Byzantine monk (died 802/807)

George of Amastris (Γεώργιος ὁ Ἀμάστριδος; died 802/807) was a Byzantine monk who was made bishop of Amastris against his will.

==Life==
George was born in the town ton Kromnenon, located near Amastris in Paphlagonia, to a local noble family, around the middle of the 8th century.

As a young man, he began a career in the church administration, but left it to become a hermit on Mt. Agrioserike. Still later, he joined a cenobitic monastic community at a place called Bonyssa. When the see of Amastris fell vacant in c. 790, the Patriarch of Constantinople Tarasios appointed George to fill it, despite the emperor favouring a different person for the post.

George was consecrated as bishop in Constantinople. During his time as bishop of Amastris, George presided over the return of the remains of John of Gothia to the latter's native city of Parthenia, Crimea. George died early in the reign of Emperor Nikephoros I, of whom George was a notable supporter.

He is recognized as a saint in the Orthodox liturgy, and his feast-day is 21 February.

==Hagiography==
George is the subject of a hagiography preserved in a single manuscript dating to the 10th century. In it, the saint is credited with several miracles, including saving the city from a raid by the hitherto-unknown Rus', who intended to despoil the saint's tomb.

The accuracy of this information is open to question, and depends on the dating of its composition: Vasily Vasilievsky and Ihor Ševčenko have attributed it to George's near-contemporary Ignatios the Deacon, with a date of composition sometime before 842, whereas Germaine da Costa-Louillet and Wanda Wolska-Conus considered it a later, 10th-century work. Athanasios Markopoulos further suggested that while the bulk of the work is to be attributed to Ignatios, the Russian episode was a later addition, under the influence of Patriarch Photios.

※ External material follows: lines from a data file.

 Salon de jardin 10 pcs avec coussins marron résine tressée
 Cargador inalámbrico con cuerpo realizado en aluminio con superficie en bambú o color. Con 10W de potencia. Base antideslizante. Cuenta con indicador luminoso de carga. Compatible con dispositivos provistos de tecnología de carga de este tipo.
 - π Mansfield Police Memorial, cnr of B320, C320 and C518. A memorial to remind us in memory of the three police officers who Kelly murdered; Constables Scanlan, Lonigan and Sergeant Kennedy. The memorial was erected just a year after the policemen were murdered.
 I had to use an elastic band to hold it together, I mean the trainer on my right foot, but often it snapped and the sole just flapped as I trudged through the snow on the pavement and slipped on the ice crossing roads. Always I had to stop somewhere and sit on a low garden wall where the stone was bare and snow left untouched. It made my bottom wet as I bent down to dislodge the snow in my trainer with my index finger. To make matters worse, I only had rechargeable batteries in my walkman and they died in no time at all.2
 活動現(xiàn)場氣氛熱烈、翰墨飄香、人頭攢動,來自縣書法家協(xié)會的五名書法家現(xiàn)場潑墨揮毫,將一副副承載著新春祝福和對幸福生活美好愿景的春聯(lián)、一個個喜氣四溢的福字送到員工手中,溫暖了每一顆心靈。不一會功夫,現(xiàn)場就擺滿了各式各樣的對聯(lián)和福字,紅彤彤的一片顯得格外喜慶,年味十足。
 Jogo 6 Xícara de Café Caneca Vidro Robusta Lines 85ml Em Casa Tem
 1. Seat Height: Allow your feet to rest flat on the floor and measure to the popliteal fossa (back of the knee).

The significance of the episode's authenticity lies in its being possibly the first recorded attack by the Rus' against Byzantium.

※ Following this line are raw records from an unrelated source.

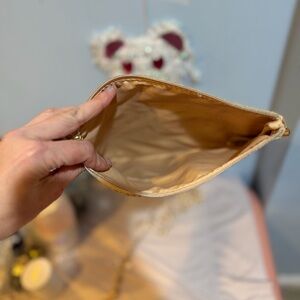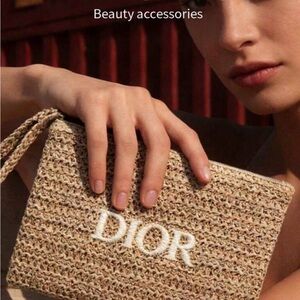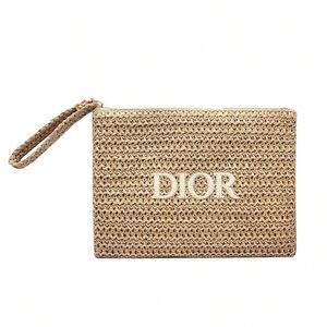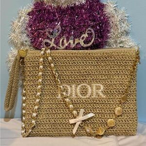 Chic Dior clutch in beige crochet. Features a stylish gold chain add to make handbag or crossbody-unbranded.Ideal for versatile wear.
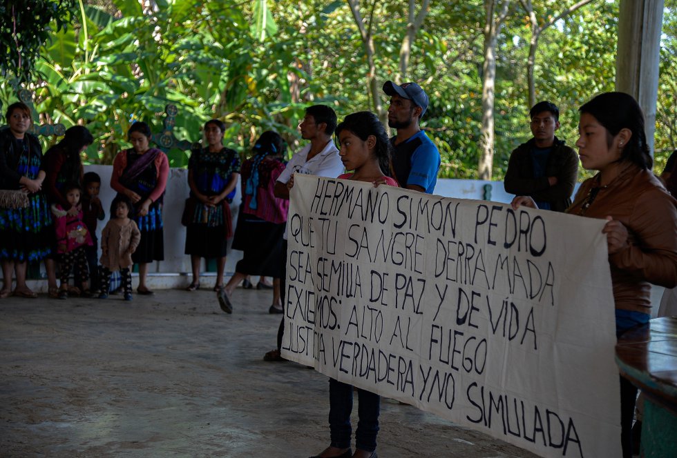 La comunidad mexicana de Pantelhó condena el asesinato de Simón Pedro Pérez. El activista había pedido la intervención de las autoridades por el auge de desplazados por la violencia. Foto: Carlos López / Agencia EFE
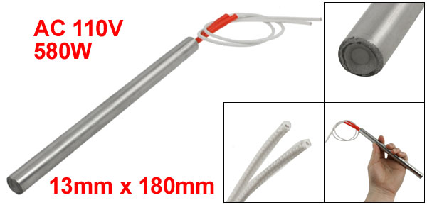 Product Name Cartridge Heater Material Stainless Steel, PVC, Nylon Rated Voltage AC 110V Power 580W Heater Size (Approx.) 13 x 180mm / 0.51" x 7.1" (D * L ) Wire Length (Approx.) 29cm / 11.4" Color Silver Tone, Red, White Weight 98g Package Content 1 x Cartridge Heater - Reviews
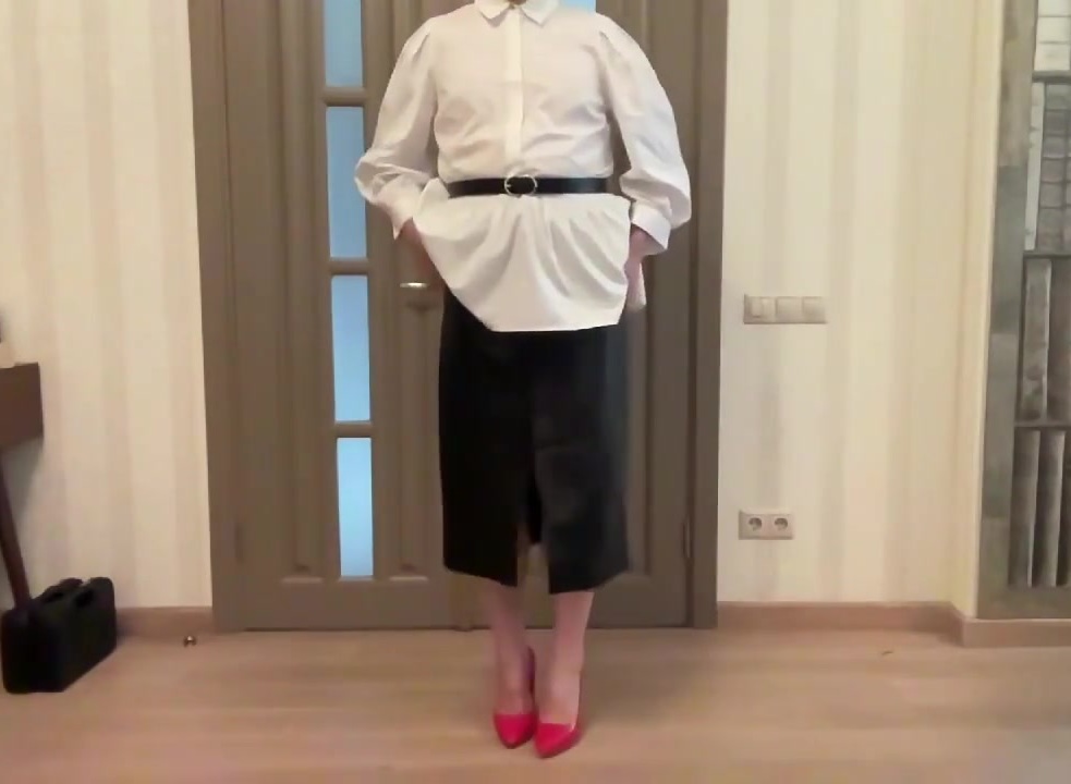Look at my ass in leather pencil black skirt and white shirt oversize blouse. I wear my new clothes today to suck cocks in office and eat cum of my friends. I'm so horny tranny, your best cum sucker
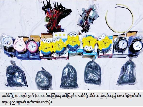 တရားခံ ဖြိုးလေး (ခ)ကိုဖြိုး ၏ ထွက်ဆိုချက်အရ ဒီဇင်ဘာလ ၄ ရက်တွင် ပုသိမ်မြို့၊ (၁၀)ရပ်ကွက်၊ (၁၀)လမ်းမကြီးရှိ ဖမ်းဆီးရန်ကျန် ဒေါ်မြနှစ် နေအိမ်၌ ယမ်းထုပ် ၅ ထုပ်၊ ချိန်ကိုက်မိုင်းပြုလုပ်ရာတွင် အသုံးပြုသည့် စားပွဲတင်နာရီ ၁၀ လုံး၊ ဒီတိုနေတာ ၅၀ ချောင်း နှင့် ဖောက်ခွဲရေး ဆက်စပ်ပစ္စည်းများအား သိမ်းဆည်းရမိခဲ့သည်။
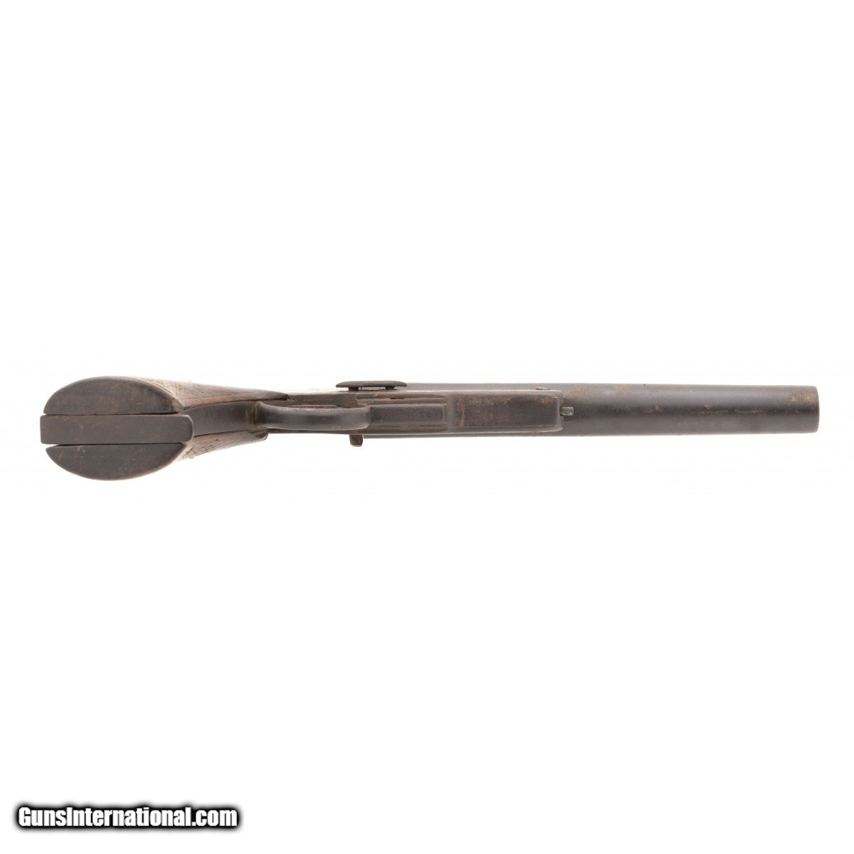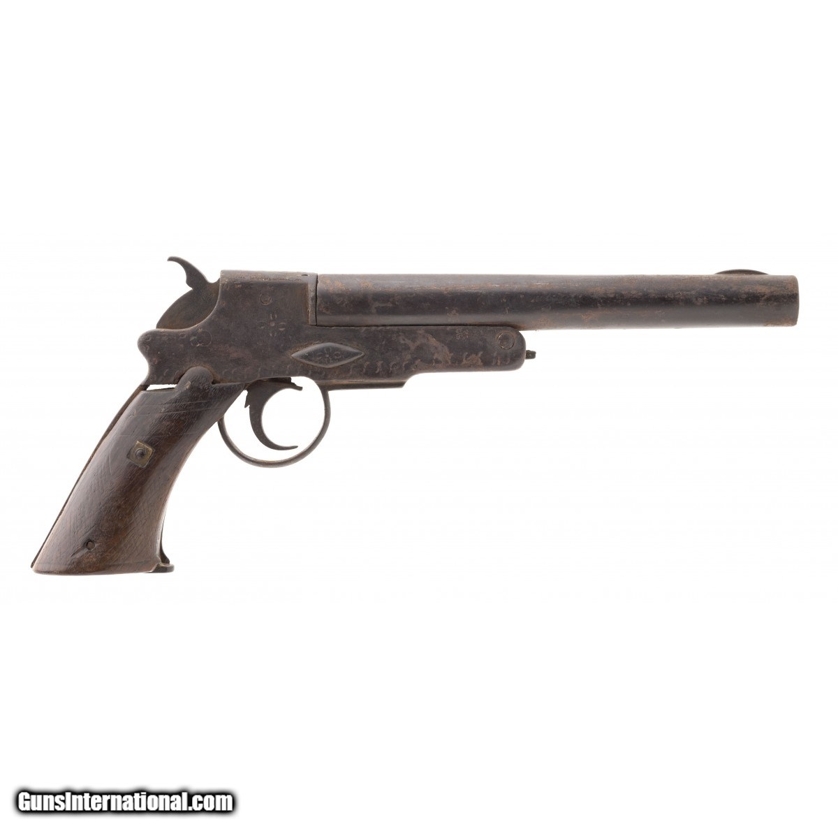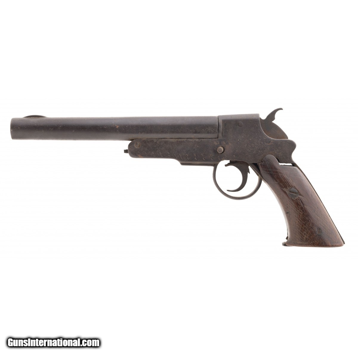 Description: " Unusual flare gun that has been engraved. Gun has a dark brown patina and is unmarked. SOLD |

Despite his close ties to Empress Irene of Athens and Nikephoros I, the hagiography is noteworthy for its "lack of anti-Iconoclastic invective". As a result, and because of some similarities in the treatment of Emperor Nikephoros I to Nikephoros II Phokas Alexander Kazhdan suggested a date of composition towards the end of the 10th century.

===Editions===
- V. Vasilievsky (ed.) Russko-vizantijskie issledovanija 2 (St. Petersburg: 1893), 1-73.
- Greek text available at the Dumbarton Oaks Hagiography Database.
- English translation by Jenkins, et al. from the University of Notre Dame.